JSON endpoints at {path}/api/dashboard, {path}/api/tree, and {path}/api/logs return data for programmatic access or integration with other tools. The logs endpoint accepts optional query parameters: level (minimum severity: DEBUG, INFO, WARN, ERROR), since (RFC3339 timestamp), component, and limit. Management endpoints ({path}/api/delete, {path}/api/upload, {path}/api/rebalance, {path}/api/clean-excess, {path}/api/sync) accept POST requests. The download endpoint ({path}/api/download?key=...) accepts GET requests. All API endpoints require authentication.

Health endpoints

Two health endpoints serve different purposes:

Liveness (/health) — always returns HTTP 200. Use this for liveness probes (Consul checks, K8s livenessProbe). The service stays in rotation during temporary database outages.

curl http://localhost:9000/health
# {"status":"ok"}
# or {"status":"degraded"} when the database circuit breaker is open

Readiness (/health/ready) — returns HTTP 200 when the service is ready to handle traffic, HTTP 503 during startup (before migrations and backend initialization complete) and during shutdown drain. Use this for readiness probes (K8s readinessProbe, Nomad on_update = "require_healthy").

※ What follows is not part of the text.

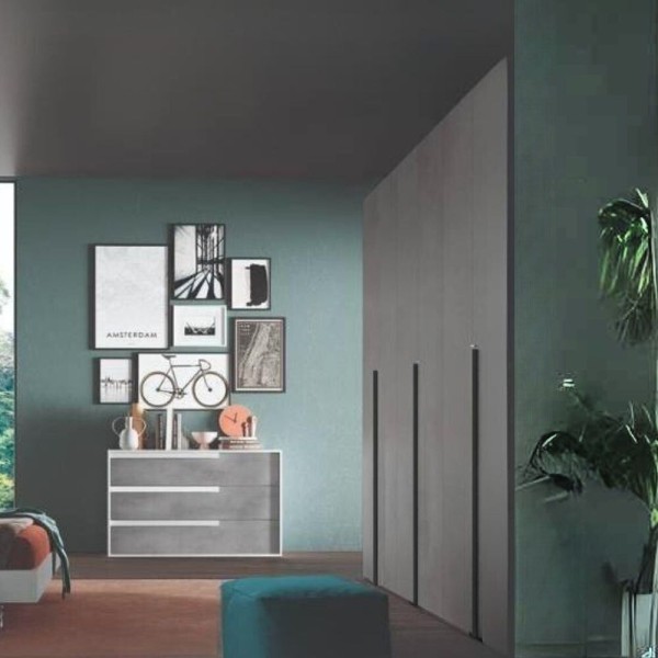 Armadio moderno a tre ante con due cassetti spaziosi. Finitura effetto cemento, misura 135x210H cm. Pratico e capiente, ideale per camere da letto contemporanee.

curl http://localhost:9000/health/ready
# {"status":"ready"}      — 200
# {"status":"not ready"}  — 503

The HTTP response body is intentionally minimal — only the status field is returned, so log aggregators can grep on a fixed pattern. To identify which instance answered a probe in a multi-instance deployment, query GET /admin/api/workers (which includes the instance identifier) or correlate by source IP.

Background worker health

/health only reflects database breaker state. Background services (replicator, cleanup queue, lifecycle, pending reaper, …) are supervised by the lifecycle manager and recover on their own, but a service that is running yet failing every tick looks identical to a healthy one in /health.

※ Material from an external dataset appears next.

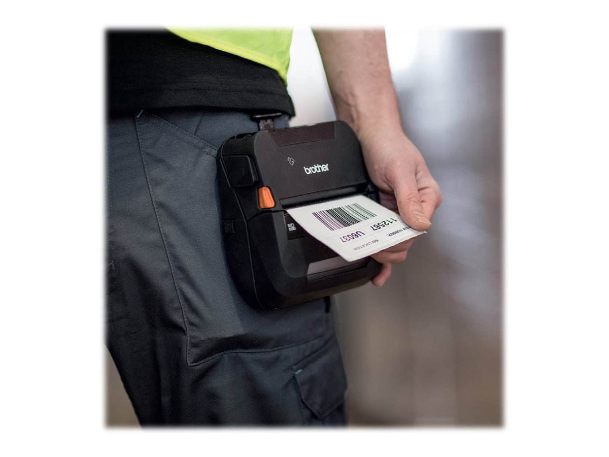 Brother RuggedJet RJ-4230B - Imprimante de reçus - thermique direct - Rouleau (11,4 cm) - 203 x 203 ppp - jusqu'à 127 mm/sec - USB 2.0, Bluetooth 4.2Optimisez votre productivité. Imprimez dans les environnements les plus difficiles avec l'imprimante mobile pour reçus et étiquettes 4 pouces de Brother.

GET /admin/api/workers returns a JSON snapshot of every registered background service’s last-tick health, including last_success, last_failure, last_error, and consecutive_failures. Use it during incidents to distinguish:

curl -H "X-Admin-Token: $TOKEN" http://localhost:9000/admin/api/workers
{
  "workers": [
    {"name": "cleanup_queue", "last_success": "2026-05-12T18:42:01Z", "consecutive_failures": 0},
    {"name": "replicator", "last_failure": "2026-05-12T18:45:14Z", "last_error": "connection refused", "consecutive_failures": 3}
  ]
}

Workers in proxy-only deployments return 503 from this endpoint because no worker pool is registered.

The same data flows into Prometheus as s3o_worker_last_success_timestamp_seconds, s3o_worker_consecutive_failures, and s3o_worker_ticks_total{result} so alerting can run without scraping the admin endpoint. Suggested alert shapes are in the metrics table below.

Grafana dashboard

A comprehensive Grafana dashboard is included at grafana/s3-orchestrator.json. Import it via Grafana’s UI (Dashboards → Import → Upload JSON file) or provision it from disk. It expects a Prometheus datasource with UID prometheus.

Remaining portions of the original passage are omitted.